Zarr Version 3 specification changes from Version 2:
dtype
has been renamed todata_type
,chunks
has been replaced withchunk_grid
,dimension_separator
has been replaced withchunk_key_encoding
,order
has been replaced by the transpose codec,- multiple chunks can be stored within a single object on object storage (via the sharding codec)
- the separate
filters
andcompressor
fields been combined into the singlecodecs
field.
Read more:
Zarr Data Organization
Arrays
Zarr arrays are similar to numpy arrays, but chunked and compressed.
Hierarchy via Groups
Zarr supports hierarchical organization via groups. Each node in the Zarr hierarchy is either a group or an array.
Dimensions and Shape
A Zarr array has zero or more dimensions. A Zarr array’s shape is the tuple of the length of the array in each respective dimension.
Coordinates and Indexes
Zarr indexing supports array subsetting (both reading and writing) without loading the whole array into memory. Advanced indexing operations, such as block indexing, are detailed in the zarr-python user guide: Advanced indexing.
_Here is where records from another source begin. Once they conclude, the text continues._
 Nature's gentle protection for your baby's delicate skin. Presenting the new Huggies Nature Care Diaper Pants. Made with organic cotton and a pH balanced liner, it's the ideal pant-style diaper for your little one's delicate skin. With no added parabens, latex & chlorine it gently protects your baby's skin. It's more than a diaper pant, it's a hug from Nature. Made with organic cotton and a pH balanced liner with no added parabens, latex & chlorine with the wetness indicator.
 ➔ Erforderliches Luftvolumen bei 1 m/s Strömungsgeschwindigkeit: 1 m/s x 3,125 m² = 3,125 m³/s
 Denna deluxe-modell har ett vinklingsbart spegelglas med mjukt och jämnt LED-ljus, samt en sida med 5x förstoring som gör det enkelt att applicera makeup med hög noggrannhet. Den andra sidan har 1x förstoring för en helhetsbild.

The Zarr format is language-agnostic, but this indexing reference is specific to Python.
The Xarray library provides a rich API for slicing and subselecting data. In addition to providing a positional index to subselect data, xarray supports label-based indexing. Labels, or coordinates, in the case of geospatial data, often include latitude and longitude (or y and x). Another common coordinate for data cubes is time. These coordinates (also called names or labels) can be used to read and write data without needing to know the positional index value.
Consolidated Metadata
Every Zarr group and every Zarr array has its own metadata. When considering cloud storage options, where latency is high so total requests should be limited, it is important to consolidate metadata at the root of the Zarr store so all metadata can be read from one object.
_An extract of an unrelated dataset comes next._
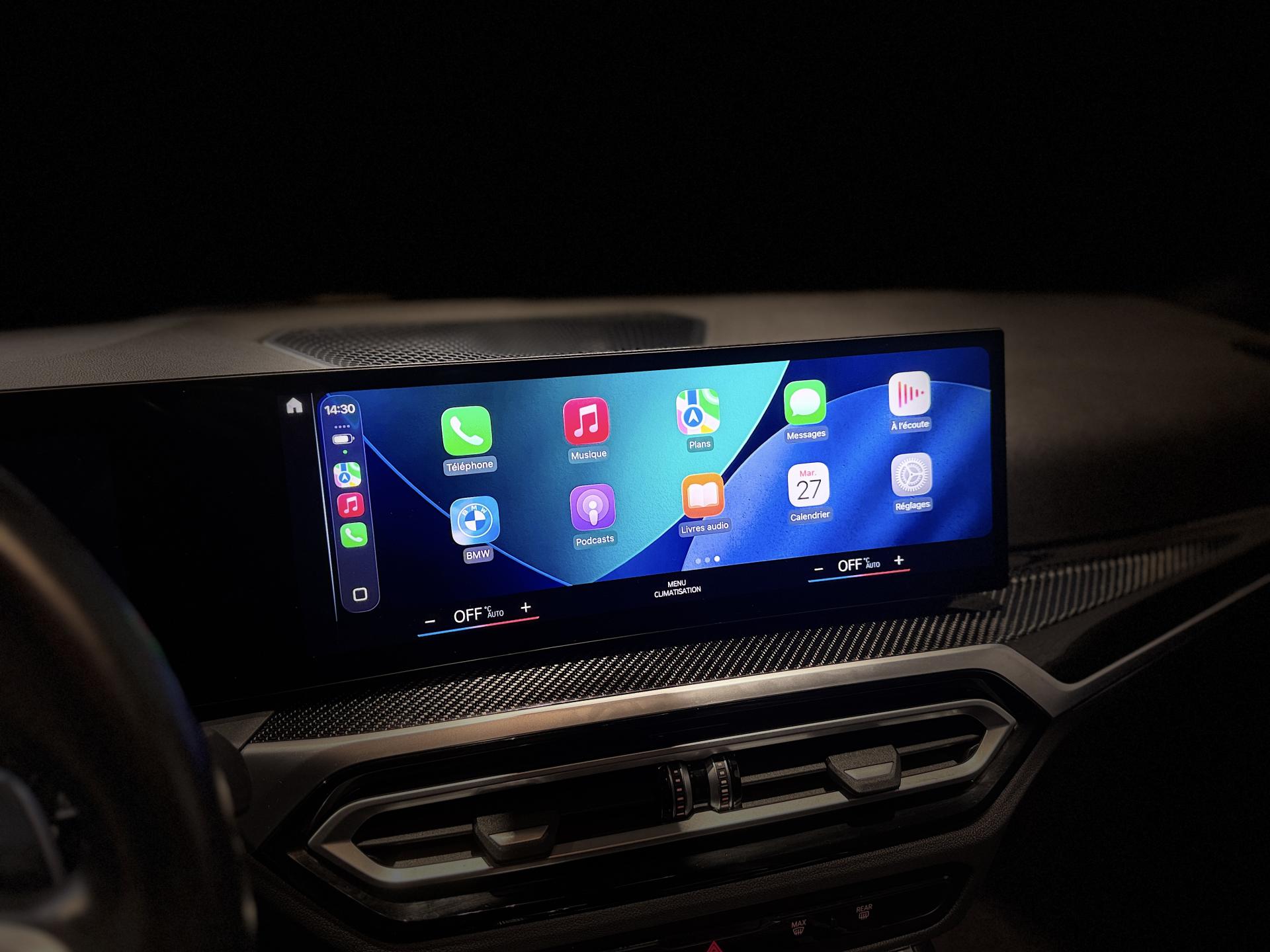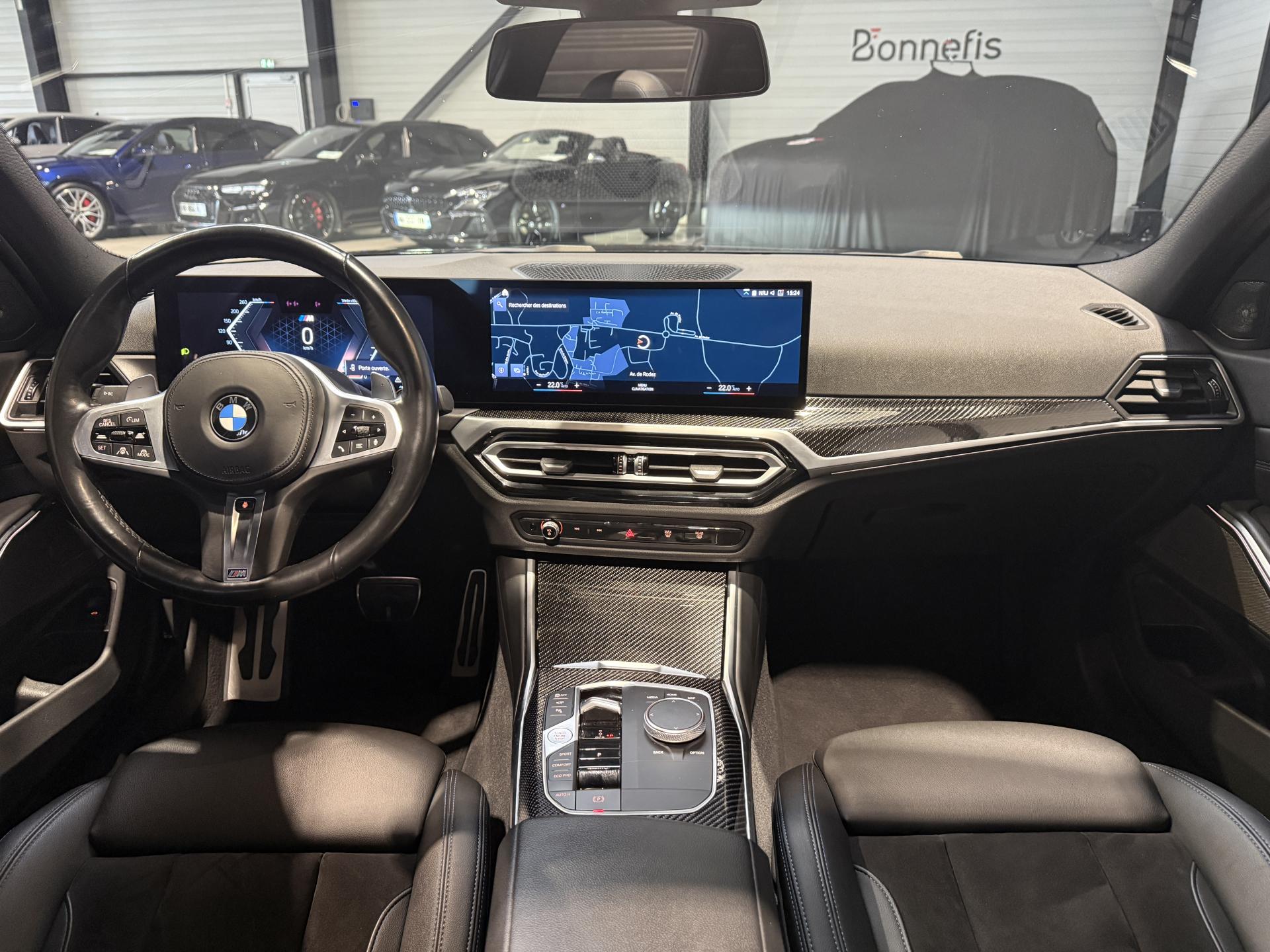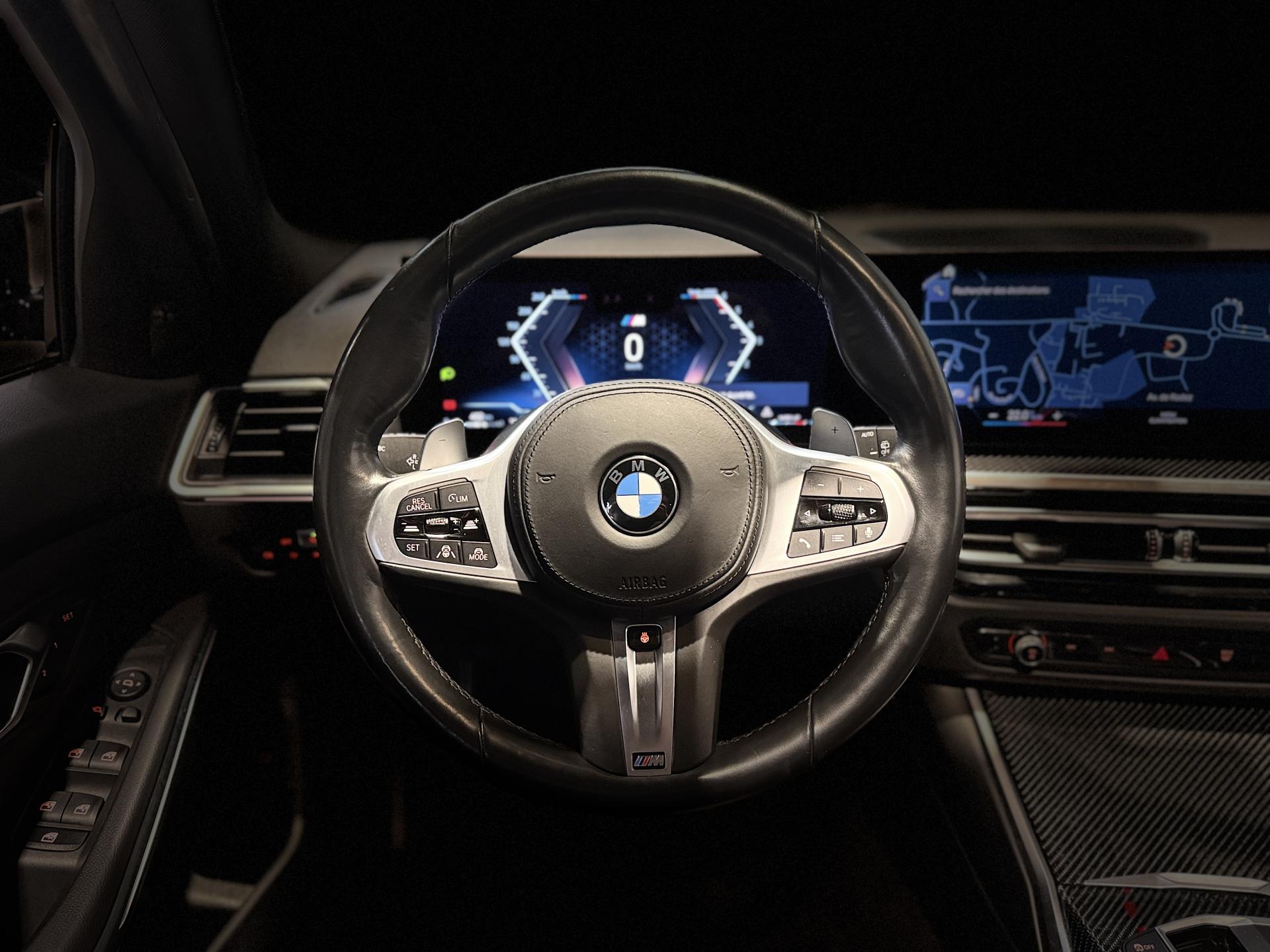 Nombreuses options : GPS, caméra de recul, Appel Carplay, radars avants et arrières de détection d'obstacles, Drive Assist Pro ( 1 958 € ), toit ouvrant panoramique en verre ( 1 375 € ), Parking Assistant Plus avec Surround View, Remote 3D View, Drive Recorder, Remote Theft Recorder ( 1 041 € ), jantes en alliage léger 19" style 791 M bicolores à rayons doubles ( 958 € ), système Hi-Fi Harman Kardon avec amplificateur digital 464W et 17 haut-parleurs, BMW Live Cockpit Navigation Plus, BMW Widescreen, inserts décoratifs M en fibre de carbone ( 500 € ), Park Assist Plus ( 500 € ), Shadow Line M brillant étendu ( 216 € ), sièges AV électriques à mémoire conducteur, recharge sans fil par induction, climatisation automatique 3 zones, rétroviseurs extérieurs rabattables électriquement, électrochrome côté conducteur, rétroviseur intérieur électrochrome, siège conducteur avec soutien lombaire ( 133 € ), sièges AV chauffants ( 333 € ), volant chauffant ( 233 € ), Drive Recorder ( 208 € ), feux de route anti-éblouissement, appel d'urgence intelligent, boîte de vitesses automatique Sport 8 rapports avec palettes au volant, ciel de pavillon M Anthracite, mesure individuelle de pression des pneumatiques, hybridation légère (48V), vitrage insonorisant, hayon de coffre électrique, climatisation tri-zones, ...

Read more on consolidated metadata.
Zarr Data Storage
Storage
At its core Zarr is a very flexible format that does not have any requirements regarding the actual storage system. Zarr can be stored in memory, on disk, in Zip files, and in any key-value store, such as object storage like S3. Learn more in the Storage section of the Zarr specification.
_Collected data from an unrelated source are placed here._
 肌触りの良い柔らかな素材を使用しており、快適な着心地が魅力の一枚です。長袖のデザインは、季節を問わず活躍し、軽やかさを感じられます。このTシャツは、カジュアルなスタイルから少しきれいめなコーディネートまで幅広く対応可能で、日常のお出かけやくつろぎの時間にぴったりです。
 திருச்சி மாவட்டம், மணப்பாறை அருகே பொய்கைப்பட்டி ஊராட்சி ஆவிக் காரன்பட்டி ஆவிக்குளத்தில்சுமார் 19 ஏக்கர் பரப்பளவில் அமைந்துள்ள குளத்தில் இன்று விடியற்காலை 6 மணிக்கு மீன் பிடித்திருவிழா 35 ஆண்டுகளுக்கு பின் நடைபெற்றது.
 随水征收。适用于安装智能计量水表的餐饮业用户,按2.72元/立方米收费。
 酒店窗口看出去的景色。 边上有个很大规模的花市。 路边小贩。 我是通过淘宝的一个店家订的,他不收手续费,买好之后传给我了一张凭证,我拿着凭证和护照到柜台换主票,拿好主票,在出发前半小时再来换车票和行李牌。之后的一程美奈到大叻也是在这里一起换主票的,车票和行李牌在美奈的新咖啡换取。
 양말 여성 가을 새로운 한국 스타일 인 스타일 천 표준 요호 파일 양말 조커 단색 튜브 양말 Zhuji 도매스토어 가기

Zarr data chunks do not necessarily need to be stored in the same storage system as the Zarr metadata. This is what enables virtual Zarr stores (kerchunk, icechunk) where the metadata references data in legacy chunked data formats (such as NetCDF and HDF5).
Chunking
Chunking is the process of dividing the data arrays into smaller pieces. This allows for parallel processing and efficient storage.
Once data is chunked, applications may read in 1 or many chunks. Because the data is compressed at the chunk-level, within-chunk reads are not possible.
Traditionally each chunk is stored in a separate object in object storage but with the [sharding] codec in Zarr version 3 now several chunks can be stored within a single object. This is an important enhancement because it prevents Zarr hierarchies from having so many files that they are effectively too large to manage.
Compression
Zarr supports compression algorithms to support efficient storage and retrieval.
To explore these concepts in practice, see the Zarr in Practice notebook.
Other Things to Know about Zarr
What Zarr is not
Zarr is not designed for vector, point cloud or sparse data, although there is investigations into supporting a greater variety of data types.
Zarr is in Development
There are some limitations of Zarr which is why there are Zarr Enhancement Proposals.
Zarr Version 3 was itself a ZEP, which has been accepted.
Draft ZEPs are recommended reading for anyone considering creating a new Zarr store, since they address common challenges with Zarr data to date.